* [TASK TO CARRY OUT] The answer should consist of the full listing below, repeated exactly and free of pictures.
DATA SECTION START
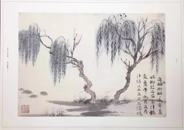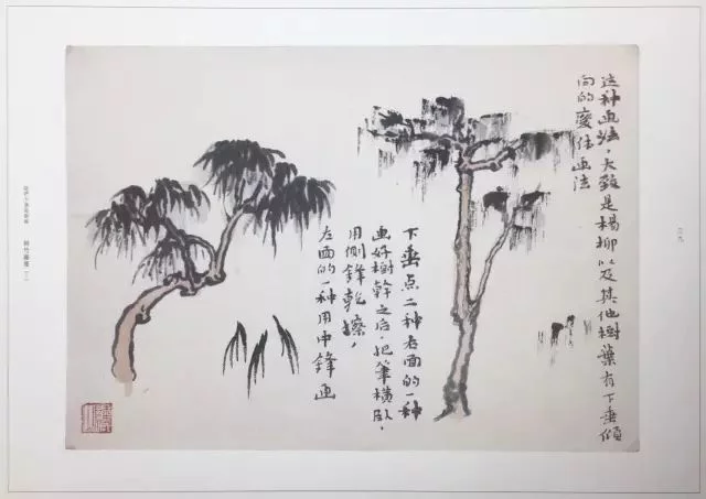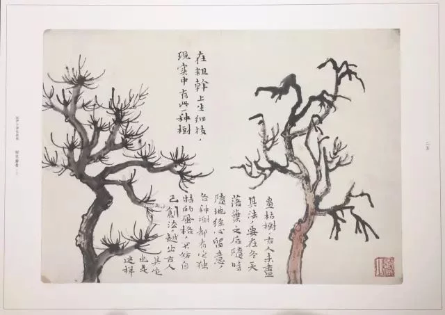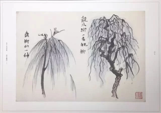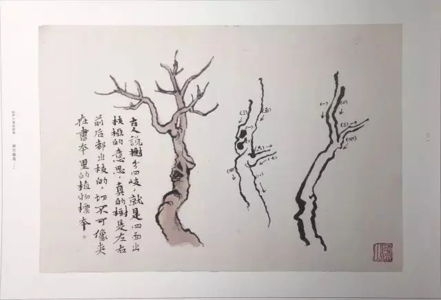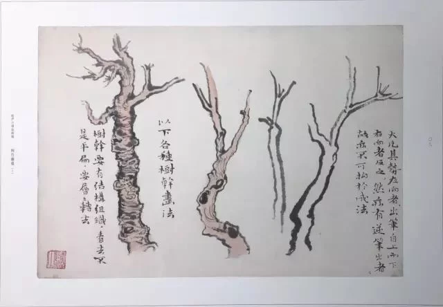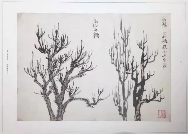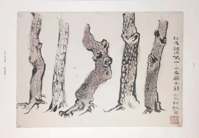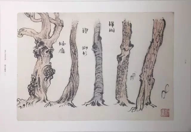 故亦不可拘于成法。 以下各种树干画法。 树干要有结构组织,看去不是平扁, 要层层转去。
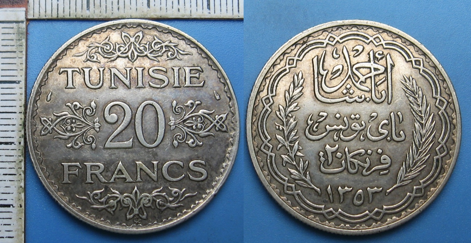 1935 AH 1353 - 20 francs, stříbro - Tunis, Ahmad II.
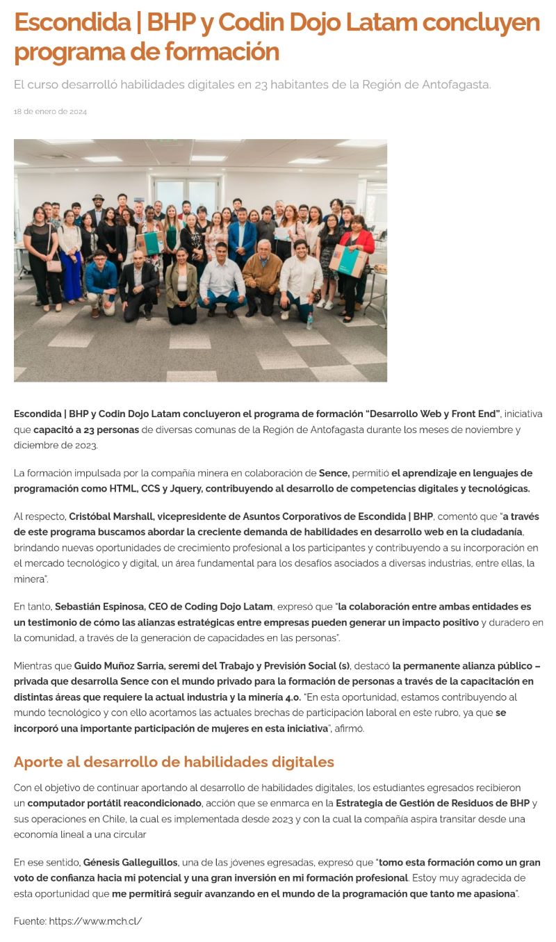 Escondida | BHP y Coding Dojo Latam culminan programa de capacitación en Desarrollo Web y Front End - (portaleduca.cl)
DATA SECTION END
* [TASK OUTPUT]
 故亦不可拘于成法。 以下各种树干画法。 树干要有结构组织,看去不是平扁, 要层层转去。
 1935 AH 1353 - 20 francs, stříbro - Tunis, Ahmad II.
 Escondida | BHP y Coding Dojo Latam culminan programa de capacitación en Desarrollo Web y Front End - (portaleduca.cl)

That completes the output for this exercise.